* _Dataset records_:
▼▼▼
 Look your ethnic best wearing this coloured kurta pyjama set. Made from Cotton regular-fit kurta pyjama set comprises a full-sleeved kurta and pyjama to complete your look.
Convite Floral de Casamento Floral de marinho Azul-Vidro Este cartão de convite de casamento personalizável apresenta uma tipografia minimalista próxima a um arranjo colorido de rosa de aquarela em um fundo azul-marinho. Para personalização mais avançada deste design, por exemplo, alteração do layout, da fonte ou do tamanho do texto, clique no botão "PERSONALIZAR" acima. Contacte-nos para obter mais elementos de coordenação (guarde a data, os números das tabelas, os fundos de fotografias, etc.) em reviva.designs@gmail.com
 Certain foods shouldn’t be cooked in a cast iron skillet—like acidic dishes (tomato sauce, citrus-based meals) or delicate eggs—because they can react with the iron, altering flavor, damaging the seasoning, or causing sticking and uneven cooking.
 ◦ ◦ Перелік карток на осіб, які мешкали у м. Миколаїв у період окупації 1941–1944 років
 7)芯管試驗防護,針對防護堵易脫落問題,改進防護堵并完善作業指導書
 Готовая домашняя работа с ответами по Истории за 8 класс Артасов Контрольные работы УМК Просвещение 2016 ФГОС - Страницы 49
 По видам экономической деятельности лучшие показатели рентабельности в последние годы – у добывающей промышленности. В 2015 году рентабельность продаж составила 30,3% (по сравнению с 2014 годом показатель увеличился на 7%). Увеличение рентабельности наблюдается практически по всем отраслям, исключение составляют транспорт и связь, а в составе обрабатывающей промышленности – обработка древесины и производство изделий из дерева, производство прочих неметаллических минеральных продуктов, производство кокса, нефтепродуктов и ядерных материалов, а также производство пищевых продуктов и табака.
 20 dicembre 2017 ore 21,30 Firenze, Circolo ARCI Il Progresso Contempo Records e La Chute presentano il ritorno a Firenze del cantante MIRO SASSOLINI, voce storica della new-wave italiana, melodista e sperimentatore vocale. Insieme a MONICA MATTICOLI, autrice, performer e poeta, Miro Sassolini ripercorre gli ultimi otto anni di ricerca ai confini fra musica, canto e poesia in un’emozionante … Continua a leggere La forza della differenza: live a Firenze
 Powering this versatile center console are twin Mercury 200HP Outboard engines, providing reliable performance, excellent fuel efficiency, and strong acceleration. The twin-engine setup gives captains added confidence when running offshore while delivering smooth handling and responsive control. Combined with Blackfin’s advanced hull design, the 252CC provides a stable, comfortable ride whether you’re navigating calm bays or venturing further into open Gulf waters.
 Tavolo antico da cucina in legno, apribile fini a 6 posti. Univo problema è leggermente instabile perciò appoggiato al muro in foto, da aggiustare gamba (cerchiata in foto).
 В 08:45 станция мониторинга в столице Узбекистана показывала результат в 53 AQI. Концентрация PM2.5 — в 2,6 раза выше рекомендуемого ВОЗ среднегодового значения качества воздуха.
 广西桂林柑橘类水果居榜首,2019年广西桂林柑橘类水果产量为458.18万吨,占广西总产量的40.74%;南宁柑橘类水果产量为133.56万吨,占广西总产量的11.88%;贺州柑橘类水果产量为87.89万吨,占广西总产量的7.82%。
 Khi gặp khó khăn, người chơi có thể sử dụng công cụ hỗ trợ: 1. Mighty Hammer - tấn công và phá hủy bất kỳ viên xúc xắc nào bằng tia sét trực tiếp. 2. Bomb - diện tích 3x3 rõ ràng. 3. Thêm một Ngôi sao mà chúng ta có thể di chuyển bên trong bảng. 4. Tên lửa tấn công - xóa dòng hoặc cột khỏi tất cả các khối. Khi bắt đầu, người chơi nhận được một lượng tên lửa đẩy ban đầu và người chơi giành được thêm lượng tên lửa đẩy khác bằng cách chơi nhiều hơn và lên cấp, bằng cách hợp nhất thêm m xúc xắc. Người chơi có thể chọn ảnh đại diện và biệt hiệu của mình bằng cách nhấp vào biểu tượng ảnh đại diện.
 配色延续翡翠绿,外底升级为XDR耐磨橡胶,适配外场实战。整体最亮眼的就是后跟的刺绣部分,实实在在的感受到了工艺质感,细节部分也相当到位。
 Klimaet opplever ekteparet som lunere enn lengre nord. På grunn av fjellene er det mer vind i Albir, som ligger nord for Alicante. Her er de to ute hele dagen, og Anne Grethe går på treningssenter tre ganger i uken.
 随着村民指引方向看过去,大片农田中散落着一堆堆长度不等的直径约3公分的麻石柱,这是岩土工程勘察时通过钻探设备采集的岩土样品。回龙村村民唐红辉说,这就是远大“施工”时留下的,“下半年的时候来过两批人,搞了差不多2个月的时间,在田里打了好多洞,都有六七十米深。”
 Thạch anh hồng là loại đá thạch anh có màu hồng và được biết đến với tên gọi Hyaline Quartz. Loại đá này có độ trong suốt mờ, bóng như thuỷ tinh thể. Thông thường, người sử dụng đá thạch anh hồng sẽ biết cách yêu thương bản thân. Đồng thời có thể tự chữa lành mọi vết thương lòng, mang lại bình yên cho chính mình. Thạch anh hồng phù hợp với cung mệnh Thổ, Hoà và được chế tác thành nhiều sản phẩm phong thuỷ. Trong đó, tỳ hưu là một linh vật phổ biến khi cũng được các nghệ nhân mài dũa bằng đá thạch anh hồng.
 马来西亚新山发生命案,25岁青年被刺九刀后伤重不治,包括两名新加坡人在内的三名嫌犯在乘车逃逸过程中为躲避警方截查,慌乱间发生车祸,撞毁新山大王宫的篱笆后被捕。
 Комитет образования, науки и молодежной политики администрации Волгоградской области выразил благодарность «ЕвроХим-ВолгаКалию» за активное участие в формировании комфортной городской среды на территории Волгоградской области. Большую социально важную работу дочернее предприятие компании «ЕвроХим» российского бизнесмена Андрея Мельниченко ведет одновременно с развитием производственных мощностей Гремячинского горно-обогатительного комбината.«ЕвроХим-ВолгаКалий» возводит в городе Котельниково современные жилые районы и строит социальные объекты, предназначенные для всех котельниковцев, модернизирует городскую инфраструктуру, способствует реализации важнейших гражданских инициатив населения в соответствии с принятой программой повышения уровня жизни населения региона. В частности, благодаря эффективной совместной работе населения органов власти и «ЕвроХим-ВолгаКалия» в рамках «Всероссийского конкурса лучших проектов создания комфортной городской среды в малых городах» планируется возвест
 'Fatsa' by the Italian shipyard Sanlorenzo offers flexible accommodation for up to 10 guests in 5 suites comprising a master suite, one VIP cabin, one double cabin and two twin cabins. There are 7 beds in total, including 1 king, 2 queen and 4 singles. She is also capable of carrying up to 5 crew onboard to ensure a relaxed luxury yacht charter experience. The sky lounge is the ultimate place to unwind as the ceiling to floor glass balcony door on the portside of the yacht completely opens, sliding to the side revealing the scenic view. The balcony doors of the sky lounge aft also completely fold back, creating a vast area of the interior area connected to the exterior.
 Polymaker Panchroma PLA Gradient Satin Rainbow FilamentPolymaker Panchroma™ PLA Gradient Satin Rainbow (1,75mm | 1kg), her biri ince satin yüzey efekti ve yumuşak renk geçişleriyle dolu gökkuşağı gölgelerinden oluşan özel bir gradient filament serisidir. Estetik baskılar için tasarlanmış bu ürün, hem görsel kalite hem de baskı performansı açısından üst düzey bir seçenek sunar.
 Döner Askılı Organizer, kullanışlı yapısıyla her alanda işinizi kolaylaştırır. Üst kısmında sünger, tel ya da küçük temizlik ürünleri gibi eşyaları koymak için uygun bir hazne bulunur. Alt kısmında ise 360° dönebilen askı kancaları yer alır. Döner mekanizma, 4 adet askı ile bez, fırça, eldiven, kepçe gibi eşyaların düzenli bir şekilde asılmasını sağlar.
▲▲▲
* _Work request_: From the records above, copy only the lines starting with the line that holds "По видам экономической" and going on through the line that holds "20 dicembre 2017", exactly as written.

* _Solution to the problem_:
 По видам экономической деятельности лучшие показатели рентабельности в последние годы – у добывающей промышленности. В 2015 году рентабельность продаж составила 30,3% (по сравнению с 2014 годом показатель увеличился на 7%). Увеличение рентабельности наблюдается практически по всем отраслям, исключение составляют транспорт и связь, а в составе обрабатывающей промышленности – обработка древесины и производство изделий из дерева, производство прочих неметаллических минеральных продуктов, производство кокса, нефтепродуктов и ядерных материалов, а также производство пищевых продуктов и табака.
 20 dicembre 2017 ore 21,30 Firenze, Circolo ARCI Il Progresso Contempo Records e La Chute presentano il ritorno a Firenze del cantante MIRO SASSOLINI, voce storica della new-wave italiana, melodista e sperimentatore vocale. Insieme a MONICA MATTICOLI, autrice, performer e poeta, Miro Sassolini ripercorre gli ultimi otto anni di ricerca ai confini fra musica, canto e poesia in un’emozionante … Continua a leggere La forza della differenza: live a Firenze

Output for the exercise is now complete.